На все эти вопросы граф давал короткие и сердитые ответы, показывавшие, что приказания его теперь не нужны, что все старательно подготовленное им дело теперь испорчено кем-то и что этот кто-то будет нести всю ответственность за все то, что произойдет теперь.
— Ну, скажи ты этому болвану, — отвечал он на запрос от вотчинного департамента, — чтоб он оставался караулить свои бумаги. Ну что ты спрашиваешь вздор о пожарной команде? Есть лошади — пускай едут во Владимир. Не французам оставлять.
— Ваше сиятельство, приехал надзиратель из сумасшедшего дома, как прикажете?
— Как прикажу? Пускай едут все, вот и всё… А сумасшедших выпустить в городе. Когда у нас сумасшедшие армиями командуют, так этим и бог велел.
На вопрос о колодниках, которые сидели в яме, граф сердито крикнул на смотрителя:
— Что ж, тебе два батальона конвоя дать, которого нет? Пустить их, и всё!
— Ваше сиятельство, есть политические: Мешков, Верещагин.
— Верещагин! Он еще не повешен? — крикнул Растопчин. — Привести его ко мне.

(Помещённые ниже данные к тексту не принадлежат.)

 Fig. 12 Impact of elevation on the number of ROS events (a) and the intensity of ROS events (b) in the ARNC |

К девяти часам утра, когда войска уже двинулись через Москву, никто больше не приходил спрашивать распоряжений графа. Все, кто мог ехать, ехали сами собой; те, кто оставались, решали сами с собой, что им надо было делать.
Граф велел подавать лошадей, чтобы ехать в Сокольники, и, нахмуренный, желтый и молчаливый, сложив руки, сидел в своем кабинете.

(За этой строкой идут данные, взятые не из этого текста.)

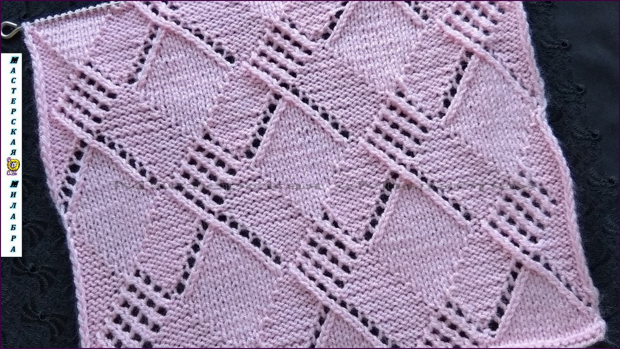 Крупный узор для спиц. Ромбы лицевые, изнаночные и ажурные пересекаются и создают интересный узор.

Каждому администратору в спокойное, не бурное время кажется, что только его усилиями движется все ему подведомственное народонаселение, и в этом сознании своей необходимости каждый администратор чувствует главную награду за свои труды и усилия. Понятно, что до тех пор, пока историческое море спокойно, правителю-администратору, с своей утлой лодочкой упирающемуся шестом в корабль народа и самому двигающемуся, должно казаться, что его усилиями двигается корабль, в который он упирается. Но стоит подняться буре, взволноваться морю и двинуться самому кораблю, и тогда уж заблуждение невозможно. Корабль идет своим громадным, независимым ходом, шест не достает до двинувшегося корабля, и правитель вдруг из положения властителя, источника силы, переходит в ничтожного, бесполезного и слабого человека.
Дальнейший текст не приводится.